The Trust is not liable to the owners of the Underlying Properties, PCEC, or any other operator for any operating, capital or other costs or liabilities attributable to the Underlying Properties. If the net profits relating to the Developed Properties for any computation period is a negative amount, the Trust will receive no payment for the Developed Properties for that period, and any such negative amount will be deducted from gross profits for the Developed Properties in the following computation period for purposes of determining the net profits relating to the Developed Properties for that following computation period. If the net profits relating to the Remaining Properties for any computation period is a negative amount, the Trust is entitled to receive the Royalty Interest Proceeds.

Gross profits and net profits are calculated on a cash basis, except that certain costs, primarily ad valorem taxes and expenditures of a material amount, may be determined on an accrual basis.

Overriding Royalty Interest

For any monthly period during which costs for the Remaining Properties exceed gross proceeds, the Trust is entitled to receive an amount equal to 7.5% of the proceeds attributable to the sale of all production from the Remaining Properties located on PCEC’s Orcutt properties, including but not limited to PCEC’s interest in such production (free of any production or development costs but bearing its proportionate share of production and property taxes and post-production costs) (the “Royalty Interest”). Due to significant capital expenditures to be made by PCEC on the Remaining Properties for the benefit of the Trust, PCEC expects the Trust to receive payments associated with the Remaining Properties in the form of Royalty Interest Proceeds until the NPI Payout occurs, which PCEC estimates will be in approximately 2018.
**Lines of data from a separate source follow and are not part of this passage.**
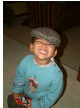
A proud demonstration of one healthy mouth!

We are kicking off our Cavity-Free Club announcement with his picture, since he's had no cavities during his last two visits. Hint: You have all met his dad at your last visit!
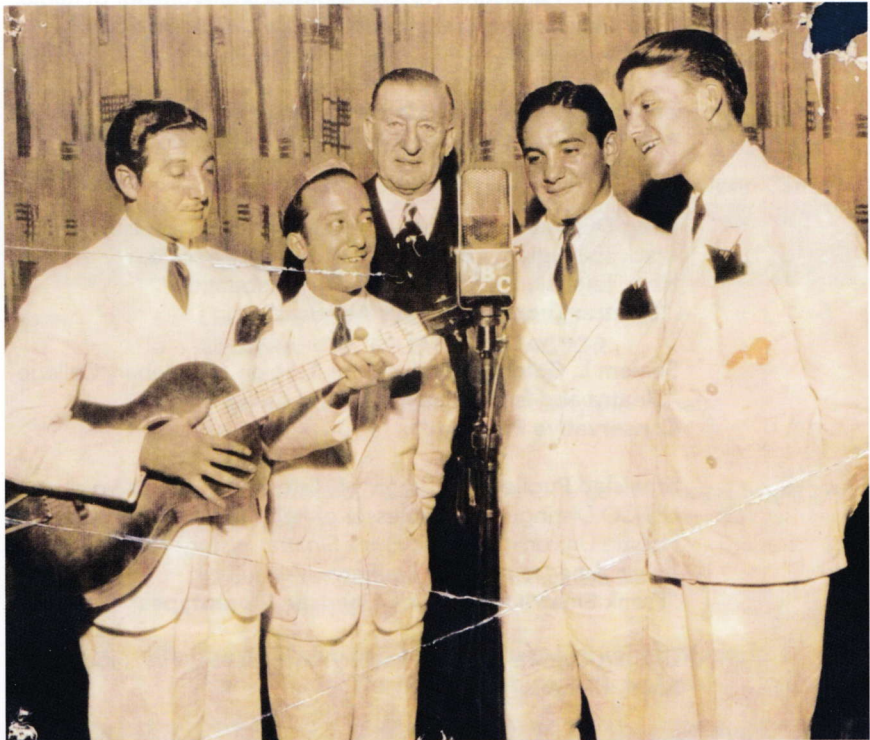
The Hoboken Four at a Major Bowes Amateur Hour radio broadcast, 1935 From the Collection of the Hoboken Historical Museum

The Helene Fortunoff Theater, Monroe Lecture Center, California Avenue, South Campus
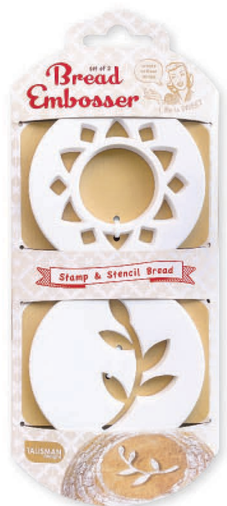
3 #1597 (2 Piece Set) 9" x 4" x .25" in packaging
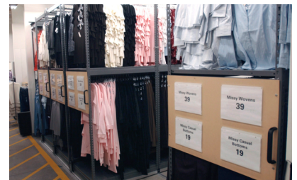
Manual Mobile System
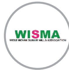
WISMA West Indian Sugar Mills Association
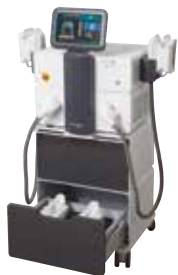
Ref. M92 * CRIOCUUM optional table
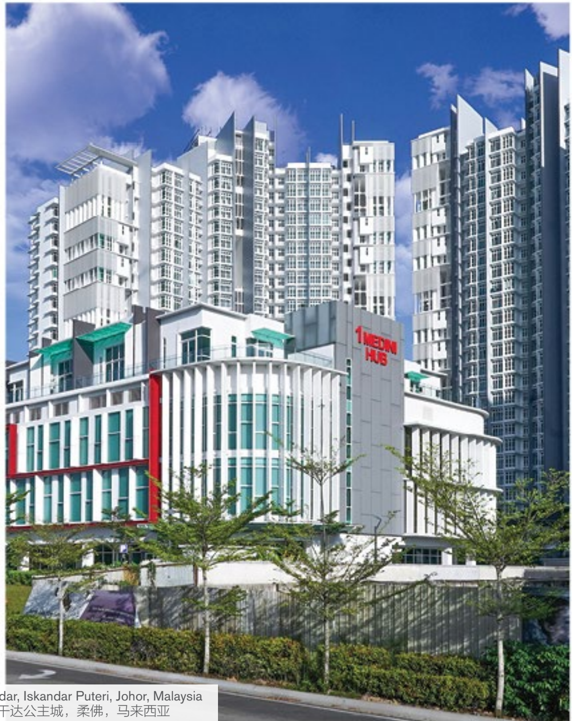
1Medini and Medini Signature Development , Bandar Medini Iskandar, Iskandar Puteri, Johor, Malaysia 1Medini 及 Medini Signature 发展计划 , 依斯干达美迪尼城, 依斯干达公主城, 柔佛, 马来西亚
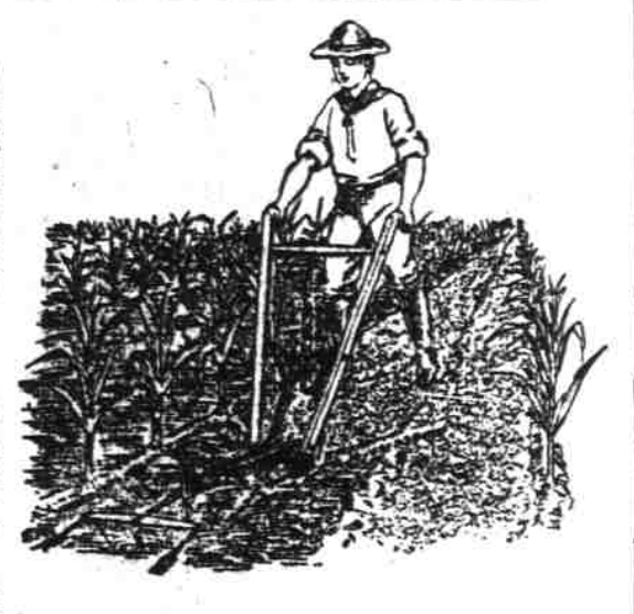
Figure 3 in Operation

For late cultivation, to keep down the final growth of weeds and vines and to break the hard crust forming after rains, only the long lower Blades are used. These Blades move parallel to and above the roots of the crop, which toward maturity come close to the surface. The Cultivator Blades do not injure these roots although completely destroying all grass, weeds and vines. Other cultivators run across the crop roots and deep enough to destroy many of them, making late cultivation with such tools impossible. When crop roots are damaged the energy of the plant is devoted to restoring such roots before further developing either stalk or fruit. It is late cultivation which gives that final complete maturity to the crop so necessary to a maximum yield,
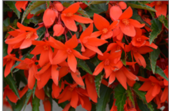
Waterfall Encanto Orange Begonia flowers

This is a high maintenance plant that will require regular care and upkeep, and usually looks its best without pruning, although it will tolerate pruning. Deer don't particularly care for this plant and will usually leave it alone in favor of tastier treats. Gardeners should be aware of the following characteristic(s) that may warrant special consideration;
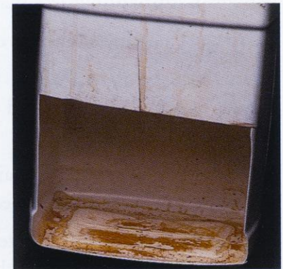
Bottom is caked with dried residue.
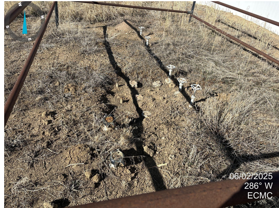
Photo 4. Risers at the northwest part of the location. See Photo 3 comments.
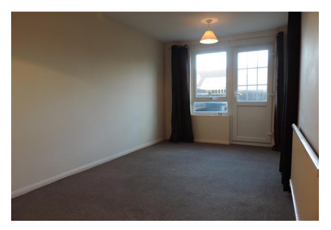
£375 Per Calendar Month
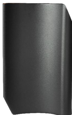
RT 840 (Engobed tile)
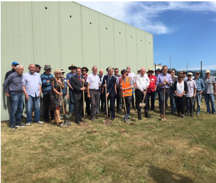
New Peninsula Shedders and Supporters get stuck in!
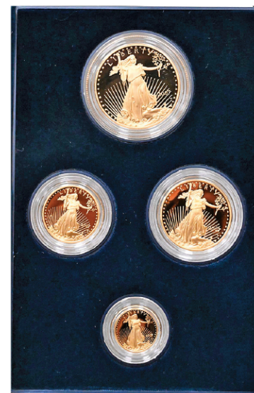
Gold Proof Set
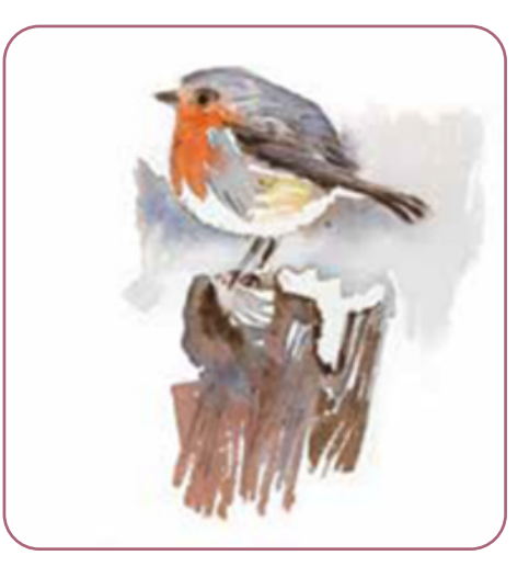
Figure 3.3 Aquarelle by Vaso Gogou
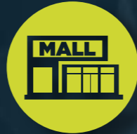
Shopping Mall area
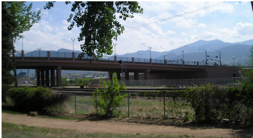
Fig. 1: Bijou Avenue Bridge

Precast concrete girders were designed to cantilever beyond interior piers and support the free end of the adjacent girder during erection. An innovative combination of debonded pre-tensioning, post-tensioning and internally thickened section of the webs and bottom slab was used to accommodate cantilevered construction. Strongbacks were used at girder splices to eliminate the need for temporary shoring supported in the creek or the rail yard during construction. The bridge was fully post tensioned between abutments after splices were cast and prior to placing the deck slab.
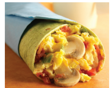
Mushroom and Egg Wrap

“Our breakfast menu is popular year round, but especially during the Spring-time brunch season. We know our guests want healthy, delicious breakfast items, and we often use mushrooms to keep the bold flavors without losing the healthfulness of our dishes.”

Proceeds from the sale of oil, natural gas liquids and natural gas production from the Remaining Properties located on PCEC’s Orcutt properties in any calendar month means the amount calculated based on actual sales volumes from such properties, in each case after deducting the Trust’s proportionate share of:

any taxes levied on the severance or production of the oil, natural gas liquids and natural gas produced from such properties and any property taxes attributable to the oil, natural gas liquids and natural gas produced from the such properties; and

post-production costs, which generally consists of costs incurred to gather, store, compress, transport, process, treat, dehydrate and market the oil, natural gas liquids and natural gas produced, as applicable (excluding costs for marketing services provided by PCEC).
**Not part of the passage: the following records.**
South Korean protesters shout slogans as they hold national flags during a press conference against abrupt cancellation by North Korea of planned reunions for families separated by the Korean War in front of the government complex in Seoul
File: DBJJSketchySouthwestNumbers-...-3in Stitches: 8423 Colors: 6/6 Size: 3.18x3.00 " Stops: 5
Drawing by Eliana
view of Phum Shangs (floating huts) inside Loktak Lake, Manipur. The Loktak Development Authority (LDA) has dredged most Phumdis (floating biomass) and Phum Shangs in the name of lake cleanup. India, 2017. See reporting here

Proceeds payable to the Trust from the sale of oil, natural gas liquids and natural gas production attributable to the Remaining Properties located on PCEC’s Orcutt properties in any calendar month are not subject to any deductions for any expenses attributable to exploration, drilling, development, operating, maintenance or any other costs incident to the production of oil, natural gas liquids and natural gas attributable to such properties, including any costs to drill, complete or plug and abandon a well. Additionally, costs associated with any completion activities will be borne by PCEC or any third-party operator of the well.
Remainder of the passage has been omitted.